Last week, the House of Representatives once again voted to extend the current authorization for federal aviation programs through March 31, 2010. For those keeping score at home, that marks the 17th extension voted by Congress since the authorization’s scheduled expiration date in 2007.
As LM has reported on these extension updates, the extension will allow the House and Senate to continue to work out differences between their own versions of a new FAA reauthorization bill.
Included in the bill is language to improve pilot training and safety on commuter and regional airlines. And in House floor statement, James L. Oberstar, chair of the House Transportation and Infrastructure Committee said that aviation programs, taxes, and Airport and Airway Trust Fund expenditure authority will continue without interruption pending completion of long-term Federal Aviation Administration (FAA) reauthorization legislation with this extension.
LM has also previously reported, the House’s version of FAA Reauthorization contains a labor-related provision which has served as a bone of contention between parcel industry heavyweights FedEx and UPS. This issue was not directly referenced in the legislation extension, but it is clear that no immediate resolution is on the horizon.
The main issue between the outfits is based on a measure in the House version which calls for “express carrier employee protection” and has the potential to change the labor status for FedEx Express employees—except for pilots and aircraft maintenance workers— from Railway Labor Act (RLA) to the National Labor Relations Act, which applies to UPS employees. And as LM has previously reported, if this bill is signed into law, many industry experts contend that it will make it less challenging for the Teamsters Union to organize FedEx Express workers.
In the House version, an amendment-which was included by Representative James L. Oberstar (D-Minn.)-would amend the RLA to clarify that employees of an “express carrier” shall only be covered by the RLA if they are employed in a position that is eligible for certification under FAA’s rules such as mechanics or pilots, and they are actually performing that type of work for the express carrier. It added that all other express carriers would be governed by the NLRA. The Senate version of this bill does not include this amendment.
Since this amendment was first introduced, FedEx has steadily maintained that this amendment is essentially a bailout for UPS.

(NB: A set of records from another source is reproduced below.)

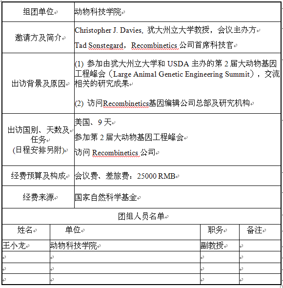 现将绿帽小说 王小龙副教授因公临时出国公示如下表:
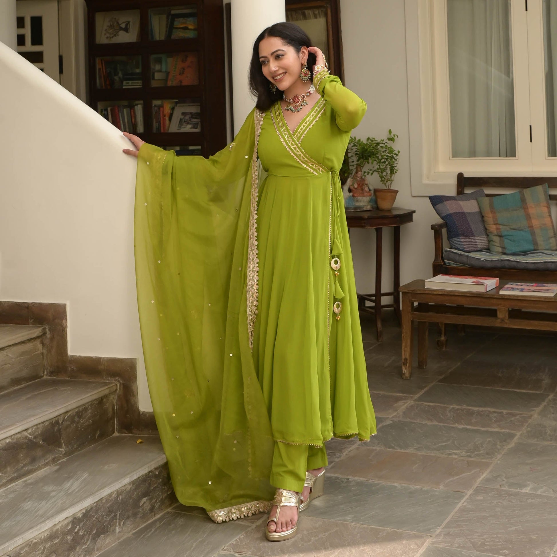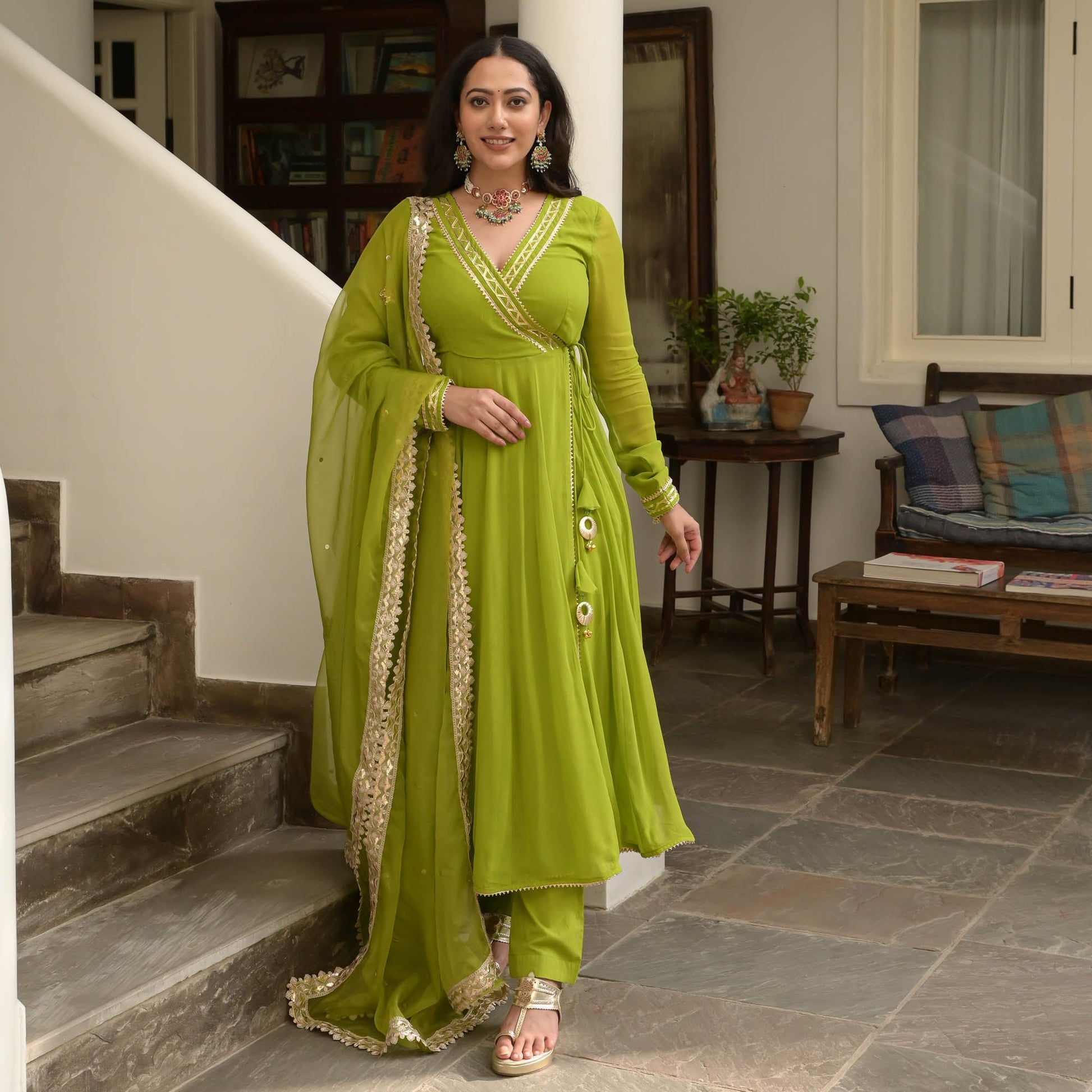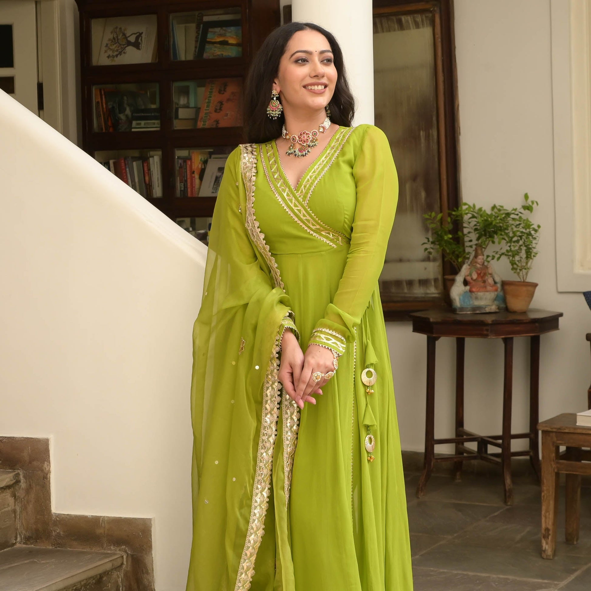 Elevate your ethnic style with our Maithali Suit Set. Crafted from luxurious green georgette fabric, this ensemble is a perfect blend of grace and glamour. It features exquisite cut-dana, sequin, and gotta work that adds a touch of opulence, while the surplice neckline adds a modern twist.
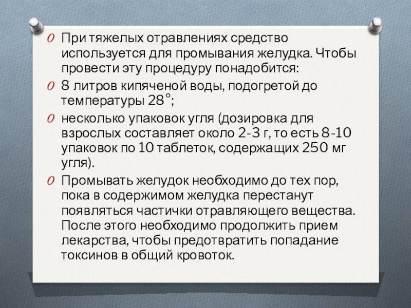 Слайд 8При тяжелых отравлениях средство используется для промывания желудка. Чтобы провести эту
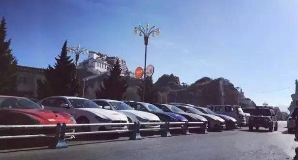 從照片中的豪車進(jìn)藏小分隊(duì)正臉中可以看到奔馳、保時(shí)捷、法拉利赫然出現(xiàn)在了征服西藏的小隊(duì)伍中。
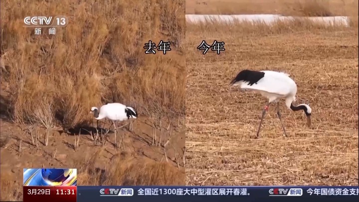 护鸟志愿者 杨斌:明显能看出来,壮了不少。特别是脖子,跟去年对比很明显,“壮壮”今年冬天吃得挺好。目前来看,“壮壮”这些天一直和一个6只的鹤群一起活动,这是一个非常好的开始,但还需要经过长期的观察。
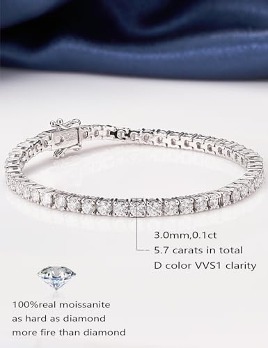 IMOLOVE Moissanite Tennis Bracelet for Women Sterling Silver Wedding Bracelets for Brides Stacking Dainty Bracelets with 18K White Gold Plated
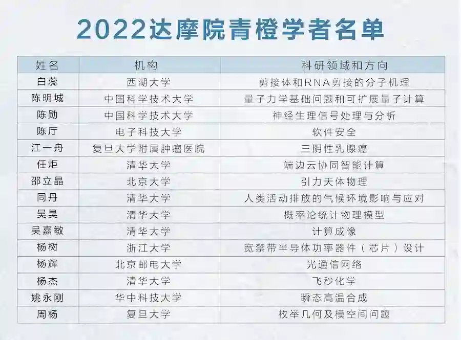 2022 年 10 月 31 日,第五届达摩院青橙奖名单公布,白蕊、陈明城、陈勋、陈厅和江一舟等 15 位中国青年科学家获奖,每位获奖者将获得可任意支配的税前 100 万元奖金以及阿里巴巴全方位科研支持。
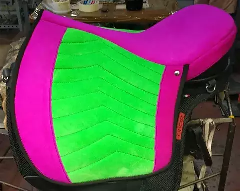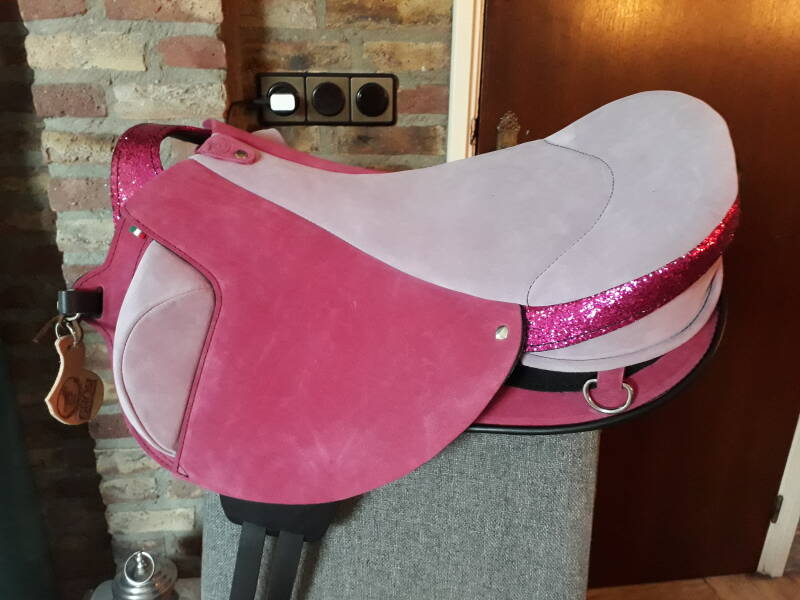 De zadels worden enkel op bestelling gemaakt en je kunt dus je eigen zadel samenstellen. Je kunt kiezen uit vele kleuren en materialen en dit ook combineren.
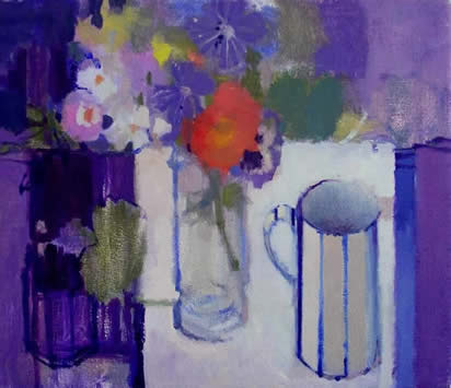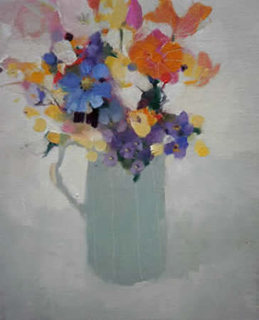 Pastels in a Striped Jug Oil on Linen
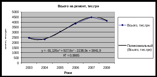 Рис.4 Графік витрат на ремонти (2003-2008 рр.)

In literature for its campaign entitled BrownBailout.com, FedEx says that this amendment would force FedEx Express to operate under a law not designed for airlines and express companies. FedEx has previously defended its position by explaining that UPS and FedEx are “fundamentally different companies,” with UPS shipping 85 percent of its parcels on the ground, and FedEx primarily functioning as an airline, flying 85 percent of its packages in the air.
And in comments provided to LM by FedEx, the company said:
“We hope the new Congress will act quickly to develop and pass a new bill, without the anti-competitive bailout provision that benefits only UPS, and has nothing to do with the bill’s main purpose. It was clear from the election that voters are tired of backroom deals that put corporate interests ahead of the public good. Americans deserve the benefits of important air safety improvements and next generation navigation systems, as well as the thousands of jobs that will be created by improving airport infrastructure.”
FedEx also told me it is unable to comment further until it is able to confirm the Senate’s extension of the bill.
Fair enough, right? But does anyone think this was going to move in the Lame Duck Congress? I didn’t and chances are you didn’t either.
But this does make what happens around March 31, 2010 worth following…unless Congress is shooting for 20 extensions, I guess.